Thousands of characters, three different writing systems, two syllabary systems. It's considered harder than Mandarin and Arabic. It takes around 2200 hours to learn versus 575-600 hours for most of the European languages.

I suppose you could understand the words without having the ability to read/write them, but you're basically illiterate at that point and would have a hard time getting by in any country. I'll have to take your word for it because I don't speak GookNoise. The only thing I wish to learn would be translated from:
'Two bombs were not enough'.

>Japanese is also one of the least efficient languages and has a very slow information rate.

This is exactly why I don't bother with Japanese, or any chink language for that matter. Their writting system is fucking retarded.

>tell me what bilingual person do you know that began learning a 2nd language in their 20s?

A lot of them, idiot. Hell, I've known people learning a language in their 30s and beyond.

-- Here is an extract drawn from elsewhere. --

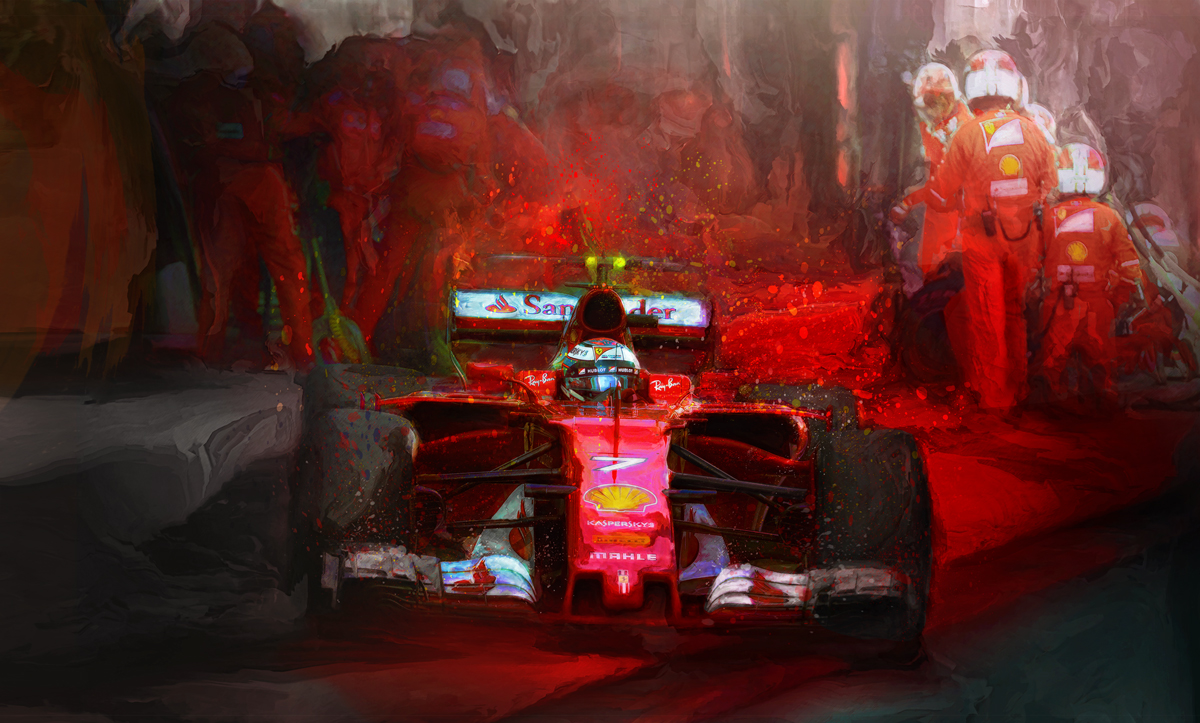 Kimi Raikkonen the venerable wiley old fox of formula one needs no direction on the radio because he knows what he's doing, 24"x 39" giclee print on museum quality canvas. Hand signed and numbered by the artist. Shipped in a sturdy tube ready to be stretched or framed as per your preference.

Miss me with your dumbass shit.

The reading and writing is hard, having a conversation with your boyfriend is piss easy.

How have you communicated for the past year?
Most people speak english, I would think it was the natural language to use while you learn japanese.
As for learning culture, you are the foreigner, I think it is fair for you to learn his culture.
But I also think he should be teaching you.
But he should also put in the effort to learn more english even if it is only you he talks english with.
I was watching this couple on youtube a few years ago (texan in tokyo). That talked about Japanese culture, and from that it seemed like speaking english was not something they do all the time unless forced to.

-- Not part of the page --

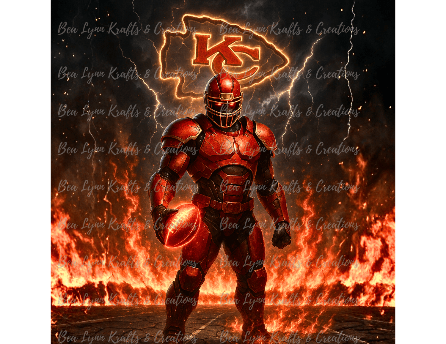🔥 Step into the flames of victory with these two electrifying Kansas City Chiefs Warrior PNGs — one half-body close-up and one full-body stance. Drenched in bold red armor and holding a glowing football, this futuristic gridiron gladiator stands ready in front of blazing infernos and thunderous skies. The iconic KC arrowhead logo blazes overhead, etched in lightning and power.

We've been communicating only in Japanese for the last year because of the reason that you and everyone else in the thread has mentioned, I am the foreigner, it is on me to learn Japanese if I'm staying. It was until this May that I had a heavy depressive episode after a friend killed herself that I couldn't bring myself to fake that I was enjoying speaking Japanese anymore. Ever since he's told me that I can talk to him in english if I want but he's not going to understand anyway so there's no meaning in doing that.
I'm supposed to meet him and talk about all of this in a couple of hours and I have no idea what to tell him, I don't know if I'm willing to put up with a relationship when communication is easy for just one side, living in Japan is hard in many ways but not having support in that sense from your significant other is really exhausting

Do you want to have mixed kids?

Yeah why not

Work hard at it, japanese isnt an easy language and nihon men tend to be shy for the most part. Its totally worth the effort.

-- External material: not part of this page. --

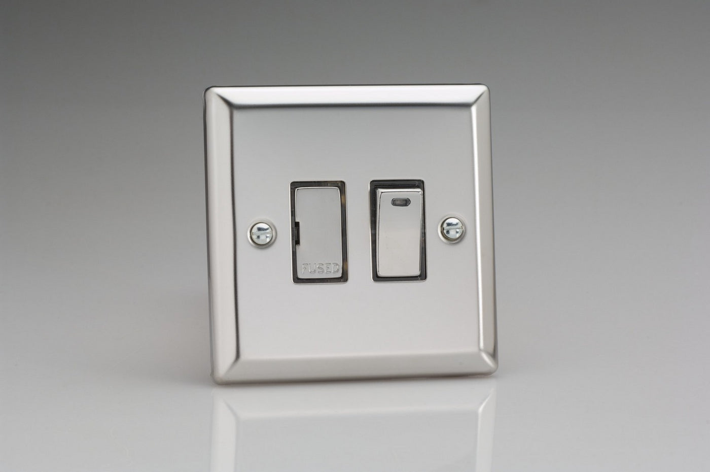 13A Switched Fused Spur + Neon , Double pole switching, Neon indicator light, Neon indicator light.

You should speak the language of the country you're living in. How can you expect to live in Japan and be unable to communicate with 99% of the population?

You've probably made a mistake going there.

From my understanding, Japanese men are generally like that. It's a complete cultural thing. I don't anticipate him putting him effort not only because he's shown no interest in doing so, but because it's his place in Japanese culture and the male perspective surrounding him will only strengthen his conditioning on why he shouldn't have to learn a new language.

Japan as a culture is totally fucking different from any place I've heard of for both men and women. Good luck.

Not that user but I would say practically practically every parent that migrated to the US in the last 20 to 40 years. Learning a language is hard not impossible. You just need to put in the effort and motivation. Though both of those seldomly come to me so I probably won’t be fluent in a second language any time soon

>it's a complete cultural thing
Absolutely, that's what I've come to realize.
I just had a little talk with him and we're on better terms now, you guys helped me put things in perspective and I think maybe now I can tackle this whole thing with more awareness of the effort that I have to put in to make it work. Thank you all :)

You should try and ask him to help you study, teaching others isn't easy to do, so if he does it is a good way of showing he is interested in the relationship. Not trying to be rude,but you are in his country , asking him to learn your language before you learn his isn't "proper".